Shih-Ching Yeh1, Pa-Chun Wang2, Yen-Po Hung1, Chia-Huang Chang3, Shuya Chen4, Mu-Chun Su1, Hsueh-Lin Chen5 1Department of Computer Science and Information Engineering, National Central University, Taoyuan, Taiwan

2 Department of otolaryngology, Cathay General Hospital, Taipei, Taiwan 3Outcomes Research Unit, Cathay Medical Research Institute, Taipei, Taiwan

4Department of Physical Therapy, China Medical University 5Industrial Technology Research Institute, ITRI

Abstract

Dizziness caused by peripheral vestibular nerve disease might lead to the imbalance of center of gravity, which in turn might affect the quality of daily life. Vestibular function rehabilitation exercise is thought to be able to improve the symptom of dizziness effectively. However, since rehabilitation process is boring, lacks of challenges and adaptive training contents and lacks of assessment method based on exercise analysis, the effectiveness of rehabilitation exercise is thus reduced. In this research, Cawthorne-Cooksey vestibular rehabilitation training exercise in clinical use was modified as an innovative interactive rehabilitation training system in which stereo imagimg, interactive technology and game technology were applied. In this research, clinical test (17 subjects, 6 training sessions) has been successfully carried out, during the experimental process, the task performance data, the time-history of the deviation distribution of center of gravity and subjective feeling questionnaire survey data of the patient is completely measured and recorded. The experimental result has verified the functionalities of this system, in the mean time, through the task performance evaluation and the analysis of level of balance, the medical effect of this system in assisting the patient to perform dizziness rehabilitation training has been proved, and the clinical observation also shows that the patient has higher willingness and motive to use such new system to perform rehabilitation.

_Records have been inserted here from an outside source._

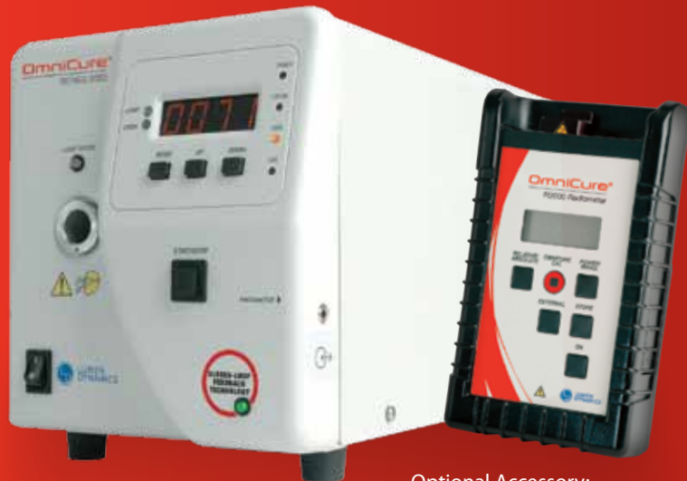
Optional Accessory: OmniCure® R2000 Radiometer

To accommodate the various needs of its' customers, the OmniCure® S2000 is adaptable to four different light guide options. Ideally used with a multi-legged High Power Fiber Light Guide to cure multiple sites with a single light source, Single-Legged, Liquid-Filled and Fiber Light Guides are also available.
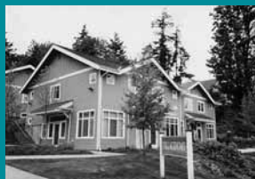
Village Home.

With nearly 24% of Bainbridge residents making less than $35,000 annually, affordable housing has become one of the community’s most critical issues. BCF granted funds to the Housing Resources Board for software upgrades, enabling HRB to more effectively manage an expanding property and client base.
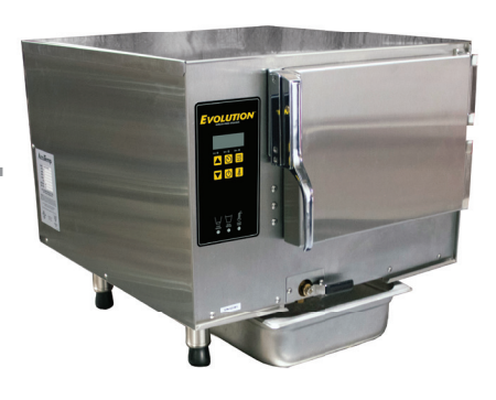
E3 Evolution™ Model shown with optional bullet feet and optional drain pan

Evolution<sup>™</sup> steamer is AccuTemp Products' connectionless, boilerless steam cooker that utilizes AccuTemp's patented Steam Vector Technology for faster cook times, improved energy efficiency, better pan to pan uniformity, and less water consumption. Steam Vector Technology requires no moving parts inside the cooking chamber. Steam to be produced inside the cooking cavity with no heating element exposed to water. No water or drain line. Uses less than 1.5 gallons of water per hour. Unit to include low water, high water, overtemp warning lights and auto shut off feature. Evolution<sup>™</sup> to include heavy duty, field reversible door. Standard digital controls with independent timer. No water quality exclusions to warranty and no water filtration or treatment required. Unit to be UL Safety and Sanitation Certified, and Energy Star qualified. Built in USA.
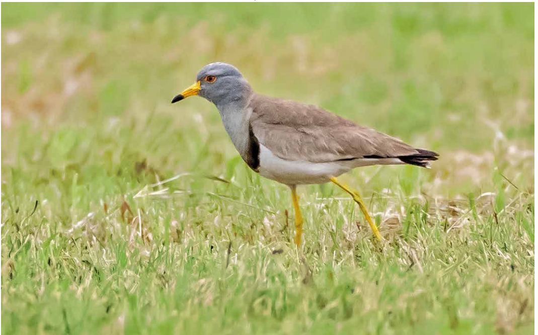
361 Grey-headed Lapwing / Grijskopkievit Vanellus cinereus , Workum, Friesland, Netherlands, 27 June 2019
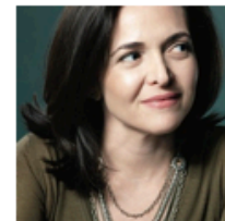
Anna Holmes: Misreading Sheryl Sandberg.
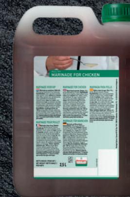
137402 2,5 lt 1 6 9 10 Marinade for Chicken
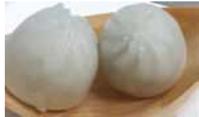
Crystal Dumpling Spec: 30g (Vegetarian & Non Vegetarian) Packing: 100Pcs/Box
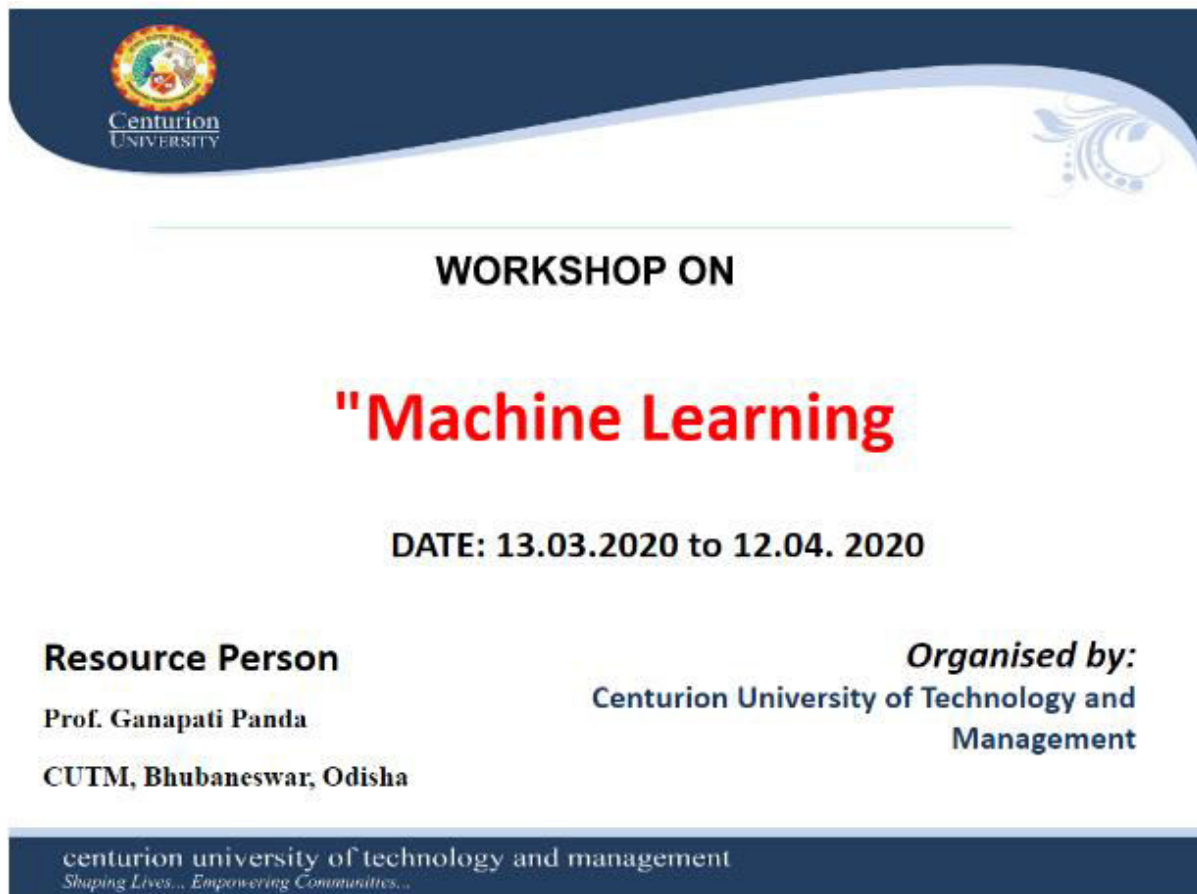
Figure: Brochure of the event

trained to make classifications or predictions, uncovering key insights within data mining projects. These insights subsequently drive decision making within applications and businesses, ideally impacting key growth metrics. As big data continues to expand and grow, the market demand for data scientists will increase, requiring them to assist in the identification of the most relevant business questions and subsequently the data to answer them.
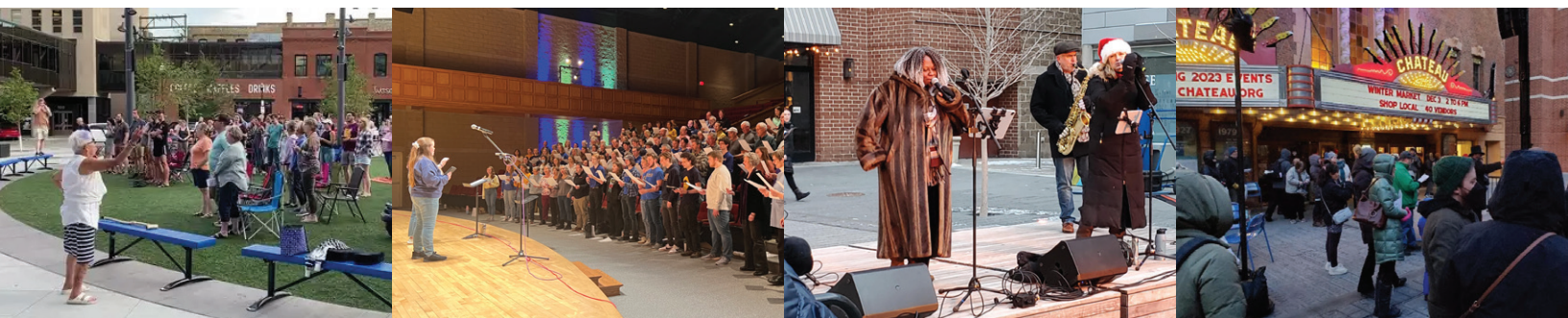
FIRST: Bring the Sing Fargo-Moorhead SECOND: Bring the Sing Duluth at the Mitchell Auditorium on the College of St. Scholastica THIRD: Bring the Sing Rochester FOURTH: Bring the Sing Rochester
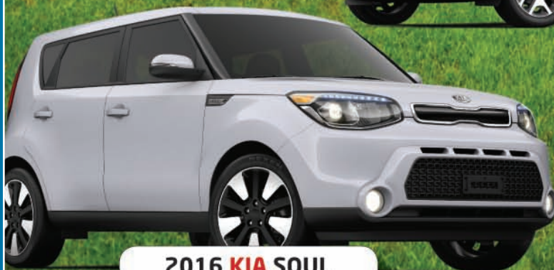
2016 KIA SOUL
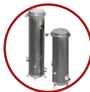
DS Multi DOE
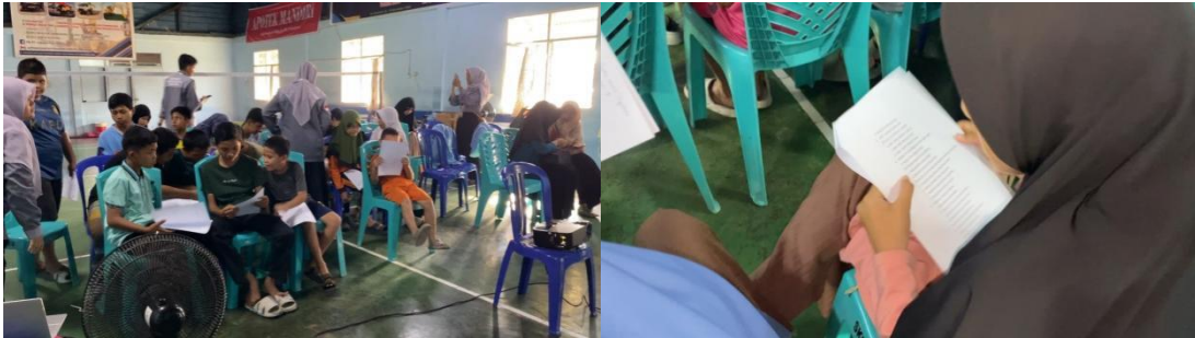
Figure 1. Adolescents fill out pre-test and post-test questionnaires

knowledge, as evidenced by the shift in knowledge categories from inadequate to good following the intervention.
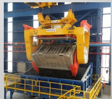
figure 6: Semi-automatic crane moves RAM revolver over to the hopper, lid is removed and container rotates 360 degrees
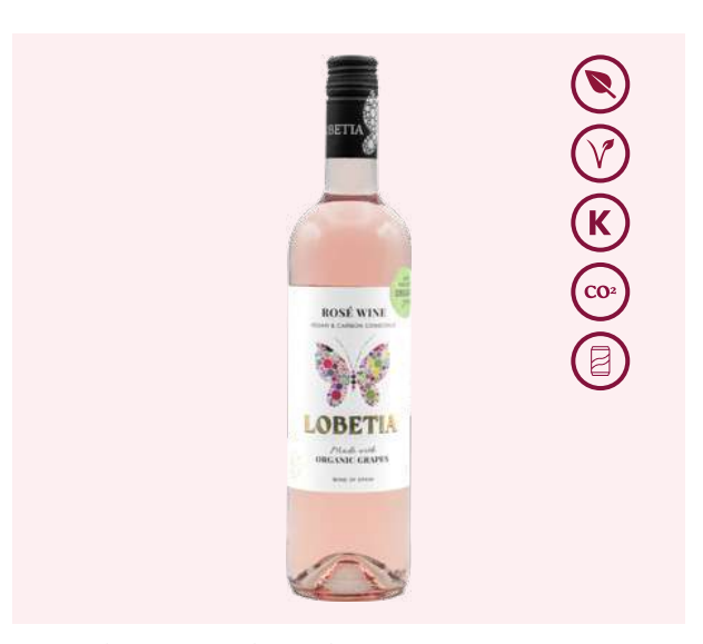
PUNCTUM / ALC 13% BY VOL / 750 ML / VT CASTILLA (SPAIN)

Aromas of violet, blackcurrant and dark plum, overlaying a chocolaty mocha nuance. Flavors of mulberry, anise and dark berry fruits with a hint of nutmeg spice.
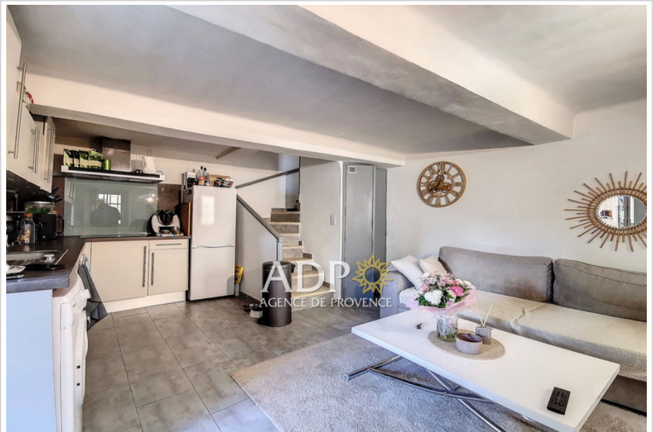
Duplex 2651 Peymeinade
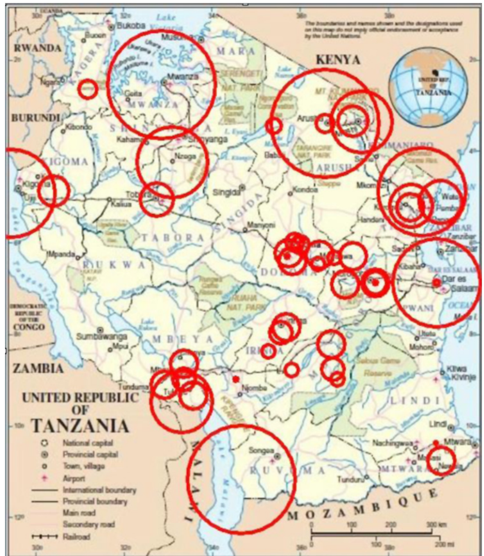
Figure 1 Facilities evaluated. Ring size proportional to population served.

low-income countries for patients with surgically treatable conditions. An estimate of the global burden of surgery showed that only 26% of estimated surgical procedures were performed in low-income countries, despite these countries accounting for 70% of the global population. 2 Of the estimated 536 000 maternal deaths in 2005, developing countries accounted for 99% of these deaths 6 ; much of this mortality could be prevented by timely access to emergency and basic surgical services.
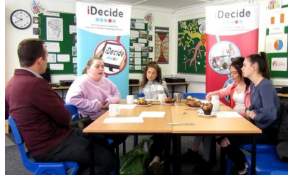
Student Focus Group
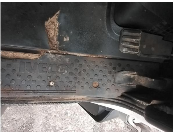
7: Carpets Front Holed Over 3mm
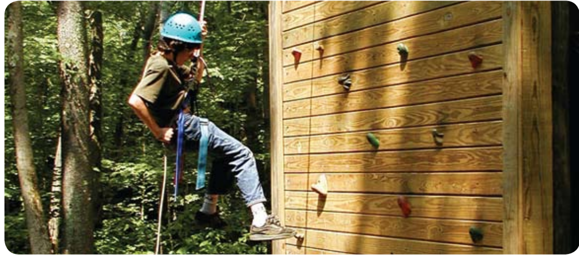
Climbing Wall at Camp Sequassen
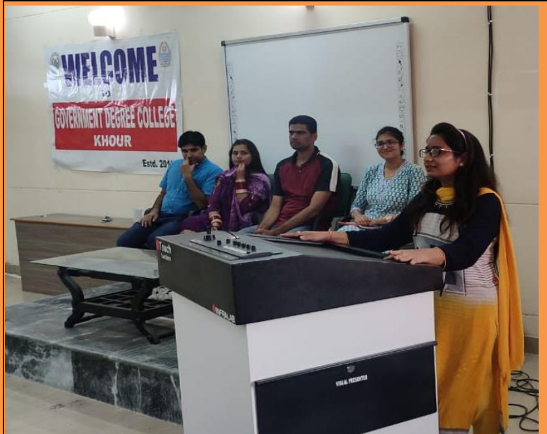
Two Day NSS Orientation Programme
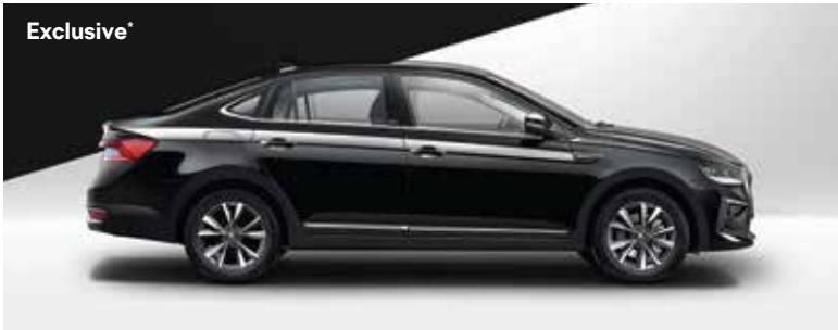
Elegance Edition - Deep Black
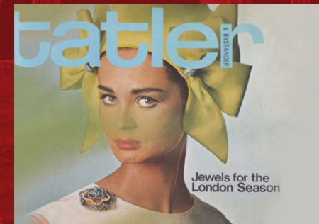
Its coverage was highly eclectic, not only reporting on the latest debutante balls and engagements, but also classical music, Russian ballet, and 1960s thrillers.

Sources include: Illustrated London News
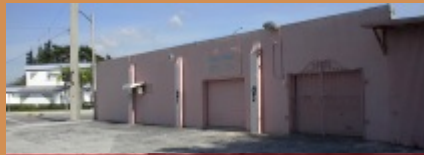
6152 Pembroke Road; 2,863 square foot retail space on 0.13 - acre site

The East Miramar Commercial Redevelopment Program is one of the key implementation strategies developed in conjunction with the East Miramar Neighborhood Vision Plan, a program that is intended to promote the revitalization of this traditional neighborhood area. The program is designed to complement the City's aggressive and concentrated neighborhood improvement focus in this area. This focus includes extensive infrastructure enhancements, housing rehabilitation initiatives, parks and open space improvements, tailored zoning and land use regulations and transportation system enhancements.
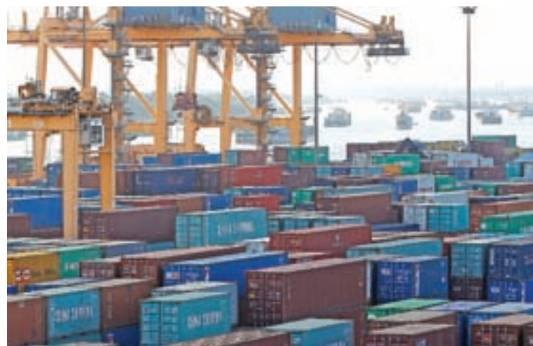
Containers are pictured at Asia World port in Yangon.

special goods at the prevailing market price. Both importers and exporters of special goods have to register, it has been learned from the Internal Revenue Department. Although the department has announced the deadline there are enterprises which have not yet sought permission. Those businesses will have action taken against them under the Commercial Tax Law, according to the department.— Ko Htet
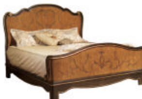
Villa D'Este King Bed
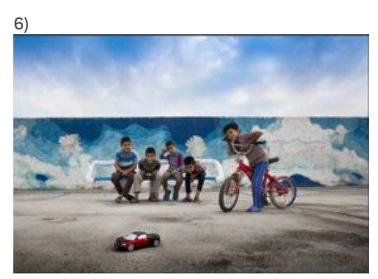
Farnaz Damnabi, Untitled, Birjand, Iran, 2017. Courtesy of Farnaz Damnabi and 29 Arts In Progress gallery
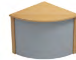
Reception Corner Desk Metal Front 800D x 740H
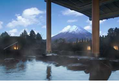
An open-air spa at Sengokuhara, one of the "17 hot springs of Hakone," with a view of Mt. Fuji.
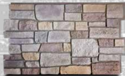
NW LS4830-ST Summer Tan

Although we have taken the utmost care in making sure that these images accurately represent the colors of our masonry panels, printing cannot render an exact replication of every color and tone. Nu-Wood recommends viewing samples to confirm a match for your project.
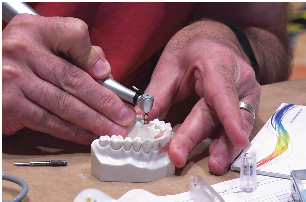
Hands-on workshops and pre-conference sessions have been announced for March 13 as a kick-off to the AO 2019 Annual Meeting, which takes place March 13-16 in Washington, D.C.
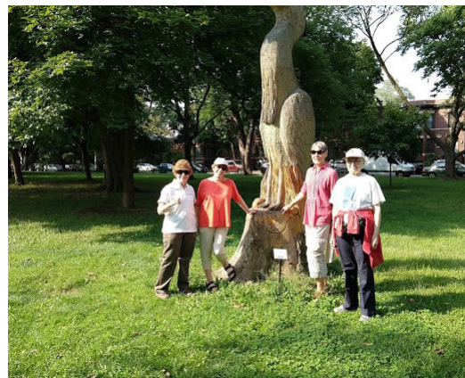
Walking Group Early Fall 2019
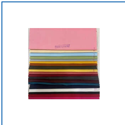
54 INCH POWER LYCRA FABRIC
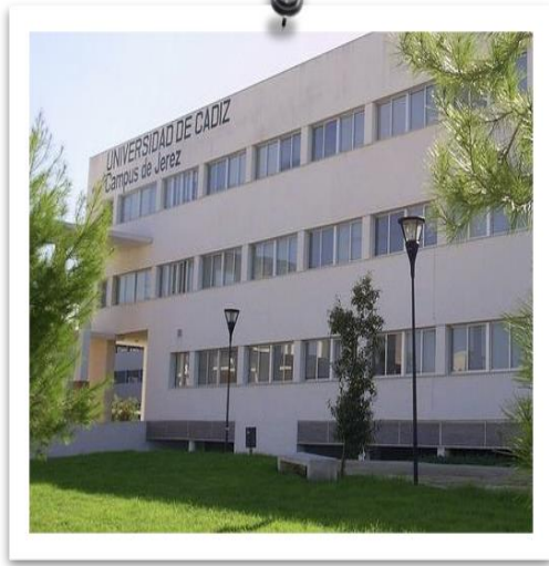
Facultad de Derecho
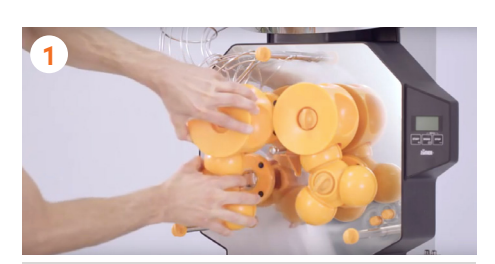
Remove the pressing units.
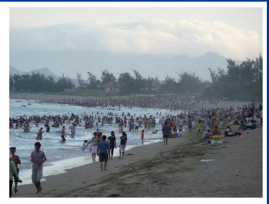
Ninh Chu Bay. Resorts along the bay have private beach rights but some sections are public.
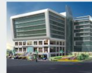
Jaipur Electronic Market, Jaipur
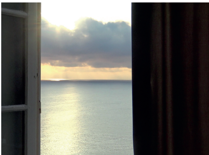
STUDIOME07 Adèle Gratacos de Volder Still from Jamais indemne , 2019
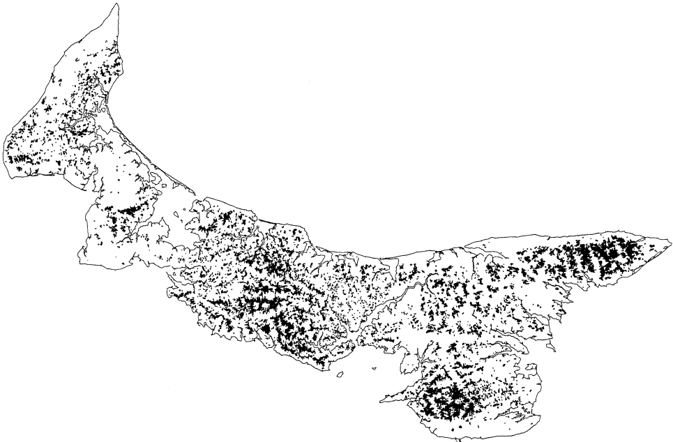
FIGURE 3. The distribution of stands of upland hardwood forest in 1990.

‡ Because it is impossible to distinguish the three native poplar species in aerial photographs ( Populus tremuloides , P. balsamifera , P. grandidentata ) they were grouped as " Populus spp." – however almost all of this is likely to have been P. tremuloides (Trembling Aspen).
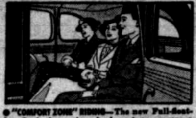
"COMFORT ZONE" SEATING—The new Full-dressing Springback gives back seat passengers a "front seat ride." The Springback is now 134".
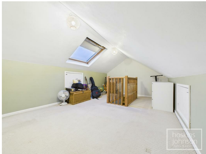
Skylight and eaves storage.
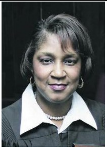
Judge Vernita King Johnson
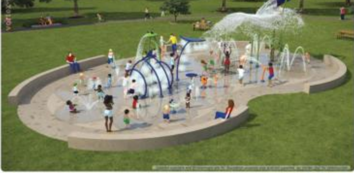
Beaufort Splashpad®, NC
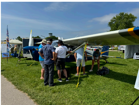
Crowds gather under the Rebel wing, deep in technical discussion about performance and build steps.

Builders and dreamers alike took a close-up look at our demo fuselage, where they could step inside and imagine their own Murphy kit coming to life. Questions about build time, component quality, and custom features sparked rich conversations with our team all week long.
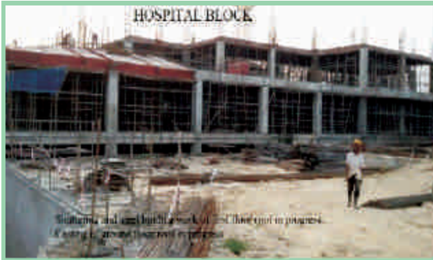
Construction of Kalpana Chawla Govt. Medical College, Karnal
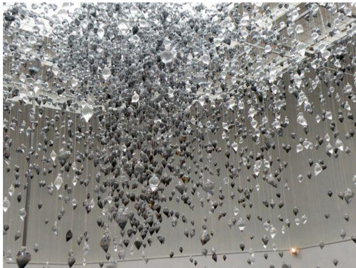
Figure.5: Bright Ugochukwu Eke Acid Rain 2005 (Source: Okwuosa, Tobenna 2013).

This experienced resulted in the creation of his installation Acid Rain 2005 (fig.5), a conceptual installation of acidified water, in discarded plastic bags, installed hanging from tree branches and gallery roofs as a metaphoric visualization of the problematized living condition of the inhabitants of the Niger Delta region (Okwuosa 2013).
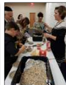
Bird Feeders with ice cream cones, peanut butter & seeds

Keywords: Virtual reality, rehabilitation, vertigo, vestibular dysfunction

I. INTRODUCTION

Dizziness is defined as: the sensation of motion when no motion is occurring relative to earth’s gravity [1]. It could lead to the difficulty of the patient in maintaining space recognition and body gesture. As a result, the loss of balance of center of gravity of the patient might prevent from performing lots of daily activities and the quality of daily life of the patient might get lost [2],

Vestibular rehabilitation was thought to be able to improve the symptom of dizziness effectively [3]. Among those, Cawthorne-Cooksey exercise has been proved to be able to improve the balancing capability and reduce the occurrence frequency of dizziness. For those patients whose vestibular function was already disabled, replacement

exercise function could be provided [4]. However, such exercise is boring, and is lack of challengeable and adaptive training content available to perform customized therapy. Therefore, the rehabilitation effect of rehabilitation exercise is limited.

In the related research, Uttama Lahiri[5] has used virtual reality to let children in autism dialogue with person of virtual reality to assist the therapy and monitor in real time the response of the patient. Sergei V [6] has used haptic gloves with force feedback to let patient do repeated Reach–Touch or Placing the ball or tea cup in the virtual environment for performing the rehabilitation of patient with Hemiparetic Upper Extremity. In the introduction of information simulation aid in vestibular function rehabilitation, Cheng [7] et al. has developed a set of virtual reality computer aided software for vestibular rehabilitation exercise, accompanied with electronic eye vibration chart and gesture balancer, to train the balancing function of vestibular system of the patient. Brain Port [8] has developed a set of physiological feedback system for dizziness patient with the loss of vestibular function, and the system can measure the neck gesture of the patient, then the electric stimulus placed on the tip of the tongue will guide the patient for the training.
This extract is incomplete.